Big shiny billboards
with all your ads. You
brighten the dark

Tim

 You could also share with participants that they might choose to string together a series of lunes to make a longer poem, as in this example by a fifth-grader. 

Trees of Paris
give their cool shade to
the many tourists
In the sunset
friends going home all talking
with each other

Iréne

Of course it’s also fine to have each lune stand on its own. Let your inspiration be your guide!

7. After ten minutes, or when the participants seem to be winding down, offer everyone the chance to share what they’ve written while displaying the image or photo that inspired it. And if any of the participants wants to continue writing about a certain photo or image, or to choose a new one to write about, encourage them to do so!

Literary Terms, Forms, and Devices: Lune, Enjambment.

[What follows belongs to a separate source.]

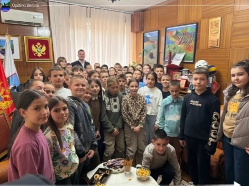 Učenici petog razreda Osnovne škole “Vuk Karadžić” posjetili su Opštinu Berane, gdje su ih ugostili predsjednik Đole Lutovac, predsjednica Skupštine Vida Ivanović i sekretar Skupštine Zoran Jelić.

Acknowledgments & References: 

via poetryfoundation.org

Mentor Texts: 

Here are two lunes by Jack Collum, the poet who adapted the lune to this 3-5-3 word form.

Barbecue under snow
Waiting for winter to end
So am I

Little blue egg
Covered in dirt and feathers
Crack and fry

 

Student Poems: 

On a photo of an explorer climbing Mount Everest

Tough spiky snow
Scary wind in the air
Me, like nothing

Eli 

On a photo of immigrants at Ellis Island

Everyone is scared
Everyone is staring at something
With great surprise

Ashley

On a photo of the wreck of the Titanic 

The dead Titanic
The perfect home for fish
Its new passengers

Truls

Susan Karwoska is a writer, editor, and teacher. She is the recipient of a New York Foundation for the Arts (NYFA) Fellowship in Fiction; a Lower Manhattan Cultural Council Workspace residency for emerging artists; and residencies at the Ucross Foundation and at Cummington Community of the Arts. From 2005-2014 she was the editor of Teachers & Writers Magazine and currently serves on its editorial board. She is also on the board of the New York Writers Coalition, and has served on NYFA’s artist advisory board. She writes and edits for a variety of publications and organizations, works as a writer-in-the-schools, and lives in Brooklyn, New York, where she is at work on a novel.